As mentioned before, the variety of industries in which you’ll find receptionist jobs calls for big differences from one position to another. Generally, receptionists will be at a desk that is well lit, highly visible, and very quiet. Most is in a comfortable office setting.
Unfortunately, there are downsides to working as a receptionist. It may be tiring, repetitive and stressful continuing to man a busy office day in and day out. Some callers may be difficult and rude.
Still Wondering ‘Why is a Receptionist Important?’ Here’s what else a Receptionist might do
As if all of those things weren’t enough! Oftentimes, a receptionist ends up fulfilling the role of customer service representative. Why? Because when a person is upset, confused, or angry, they’re willing to unleash on the first person they come in contact with. They must remember to avoid certain phrases and learn to deal with irate people.
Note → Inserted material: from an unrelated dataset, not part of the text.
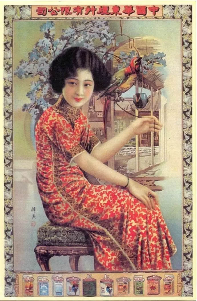 与单打独斗的月份牌画师不同,穉英画室的运作模式类似于今天的广告制作公司,成员之间分工合作,有专门的人接揽业务,由杭穉英负责创意和起稿,李慕白画人物,金雪尘画背景,花边和美术字也都有专人负责,最后由杭穉英统一修饰并盖上穉英的图章。

All in all, a receptionist can be your office’s resident Jack-of-all-trades. In an office that isn’t receiving frequent calls and visitors, the receptionist is able to get involved with all aspects of the business while others stick to their department. They are flexible and have a high awareness of the goings-on throughout the business. They are very knowledgeable about the company for this reason. This makes a receptionist the ideal person for customers to go to with questions.
Some offices require their receptionist to be their first line of contact when it comes to technology woes. Because they have so much familiarity with the company, they know how the technology works. At other offices, the secretary is responsible for maintaining and updating website information and social media updates.
The New Receptionist
Tech startups aren’t just putting out new apps for your phone. They’re also leading the way in changing how small companies do business. They don’t want potential investors to see a receptionist at the front desk and worry that capital is being spent frivolously on extra employees.
They want their startup to run as smoothly as the technology they are selling. They’re in tech: known for wearing jeans to work and a more lighthearted approach to business. That’s why they take a more personal approach.
There are several ways in which these businesses are changing how things are done. Some have an open office so that they can be greeted immediately by the employees. Others have a phone system outside of the office door, so that they may directly come in contact with the employee they are coming to visit. There’s even a robot receptionist being sold! Even a simple visitor management app takes care of in-person visitors.
What about phone calls?
Those options sound really great for manning the door. But, what about the phones?! Someone still has to do the call screening. There are still times in which the business owner will be out of office. In each case, these companies have hired a virtual receptionist. Virtual receptionists are available twenty four hours, seven days a week, and can even take callers on holidays. Sure, they aren’t in-office to file your paperwork. If you’re using technology and outsourcing to optimize your time, you won’t need anyone to do that, anyhow!
Virtual receptionists can be the voice of your company, even when there isn’t a face at the front desk.
Apply this to your small business
Receptionists fulfill many roles in an office. But, some small business owners are looking to cut costs and only have specific needs to be met. If you’re one of them, there are alternatives to a traditional full-time employee at the front desk of your office.